We started early from Gatwick on the last day of the Lent Half with a choir of thirty with David Goode, Andrew Maynard and Ralph Allwood. We sang in the grand Dom Seniorow old people's home in Krakow and received an early taste of the warm reception we were to receive everywhere. It was both interesting and moving to sing to a small but highly appreciative audience in the Galicia Jewish Museum. Early on a freezing Good Friday we descended 160 metres to the Wieliczka Salt Mine and sang in a huge chapel lit by chandeliers deep under the earth. Later we joined in the two-hour Veneration of the Cross in St Catherine's Church. Bruckner: Christus factus est was particularly exciting in the huge acoustic, and the choir for this tour was characterised by its musicianship and power. The climax of Lotti: Crucifixus coincided powerfully with the symbolic procession, with the Good Friday substitution of rattles for bells, to Christ's tomb.

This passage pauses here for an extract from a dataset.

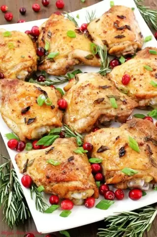 Когда курица готова, дайте ей немного отдохнуть перед тем, как подавать. Это поможет сохранить сочность. Подавайте курицу с овощами, рисом или макаронами. Украсив блюдо свежей клюквой, зеленым луком и веточками розмарина, можно создать гастрономическое волшебство прямо у себя на кухне. Это не просто просто блюдо, а настоящий праздник для вкусов!

We had prepared carefully for our visit to Auschwitz on Holy Saturday. Anita Lasker-Wallfisch, a one-time 16-year-old prisoner saved from certain death only by her ability to play the cello, and later a regular member of the English Chamber Orchestra had spoken to us in Eton of her grim experiences. Our fascinating, charming and kindly courier, Alina Peretti, had been a 14-year-old prisoner there, and her sister had been murdered four days before the Russians came. She gave us some flowers to lay, but declined to join us that morning. As she spoke to us she was clearly moved in thanking our young people for their singing at the same time as she related a small part of her experiences. Leaving cameras behind we silently followed our quietly-spoken guide for two hours as he showed us round the site of the worst cruelty known to man, where at least 1,200,000 people had been murdered. We chose the execution square for Alina's flowers and Charlie Stacey, our cello-playing youngest singer, to lay them. It took several hours for the party to blink its way back into exuberant life, ready to sing for the Easter Sunday service at St Joseph's Church. We sang Mozart's youthful Missa Brevis and the Handel Hallelujah Chorus with the spontaneously requested extra music we have come to enjoy on these occasions. Afterwards we gave a short recital including Alex Jones' excellent singing of Vaughan Williams' "Rise, heart, thy Lord is risen" and "Dum transisset sabbatum" by John Taverner, now traditional on Easter tours, and were greeted by a standing ovation.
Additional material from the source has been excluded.